Taking the line with "SVA A 941 ////" as the first and the line with "宝钢企业标准Q/BQB 401-2018 冷轧钢板钢带" as the last, set down the lines below exactly, pictures excluded.
##### Working data #####
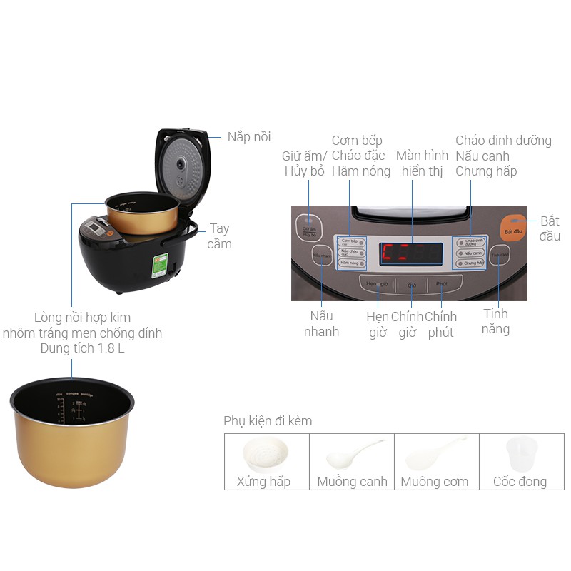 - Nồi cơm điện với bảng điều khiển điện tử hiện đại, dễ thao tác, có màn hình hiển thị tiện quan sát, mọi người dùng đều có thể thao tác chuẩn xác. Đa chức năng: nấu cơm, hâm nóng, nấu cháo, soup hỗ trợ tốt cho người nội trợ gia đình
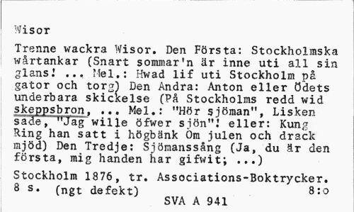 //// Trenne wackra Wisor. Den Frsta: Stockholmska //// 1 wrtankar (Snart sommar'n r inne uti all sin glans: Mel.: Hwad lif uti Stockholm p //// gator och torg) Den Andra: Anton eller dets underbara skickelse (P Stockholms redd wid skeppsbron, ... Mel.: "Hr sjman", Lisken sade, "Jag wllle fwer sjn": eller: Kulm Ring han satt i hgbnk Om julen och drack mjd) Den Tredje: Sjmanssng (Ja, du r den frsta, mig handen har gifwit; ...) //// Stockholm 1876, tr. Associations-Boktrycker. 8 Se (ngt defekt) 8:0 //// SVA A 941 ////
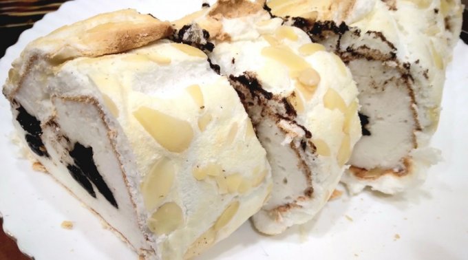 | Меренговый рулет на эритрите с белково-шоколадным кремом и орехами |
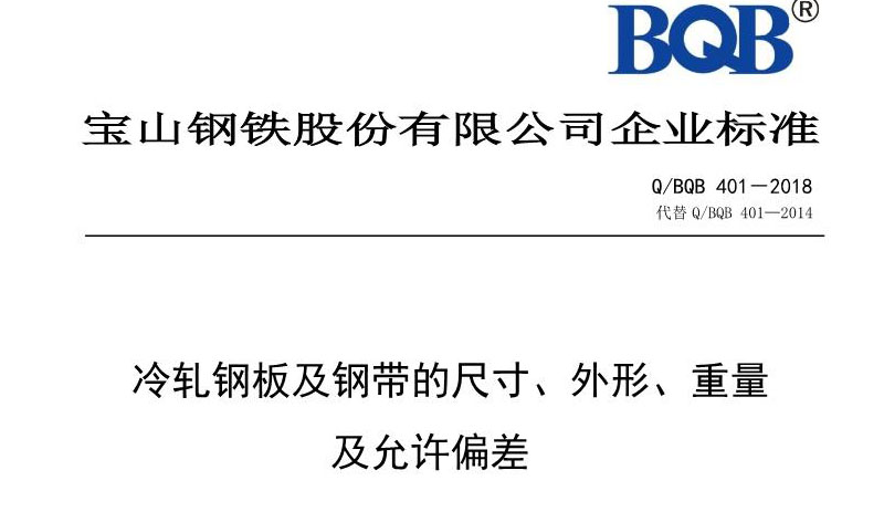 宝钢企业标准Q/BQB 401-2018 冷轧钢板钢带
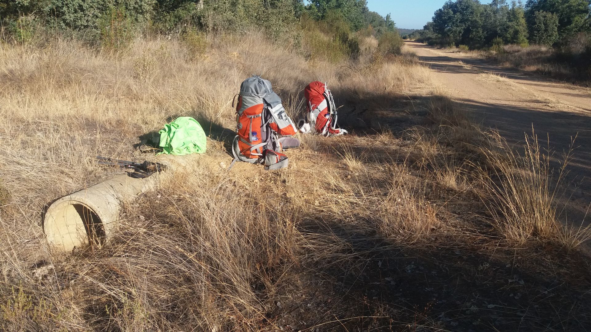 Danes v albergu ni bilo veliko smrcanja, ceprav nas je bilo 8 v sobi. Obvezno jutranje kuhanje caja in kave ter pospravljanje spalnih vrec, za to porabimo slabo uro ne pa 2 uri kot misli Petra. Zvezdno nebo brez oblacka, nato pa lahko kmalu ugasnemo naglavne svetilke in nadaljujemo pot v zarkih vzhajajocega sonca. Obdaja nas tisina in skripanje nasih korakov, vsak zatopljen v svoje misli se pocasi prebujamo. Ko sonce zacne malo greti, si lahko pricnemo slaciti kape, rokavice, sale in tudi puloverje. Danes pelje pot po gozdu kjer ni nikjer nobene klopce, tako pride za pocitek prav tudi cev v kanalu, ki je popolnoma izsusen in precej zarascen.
#####
▸ **Task result**
 //// Trenne wackra Wisor. Den Frsta: Stockholmska //// 1 wrtankar (Snart sommar'n r inne uti all sin glans: Mel.: Hwad lif uti Stockholm p //// gator och torg) Den Andra: Anton eller dets underbara skickelse (P Stockholms redd wid skeppsbron, ... Mel.: "Hr sjman", Lisken sade, "Jag wllle fwer sjn": eller: Kulm Ring han satt i hgbnk Om julen och drack mjd) Den Tredje: Sjmanssng (Ja, du r den frsta, mig handen har gifwit; ...) //// Stockholm 1876, tr. Associations-Boktrycker. 8 Se (ngt defekt) 8:0 //// SVA A 941 ////
 | Меренговый рулет на эритрите с белково-шоколадным кремом и орехами |
 宝钢企业标准Q/BQB 401-2018 冷轧钢板钢带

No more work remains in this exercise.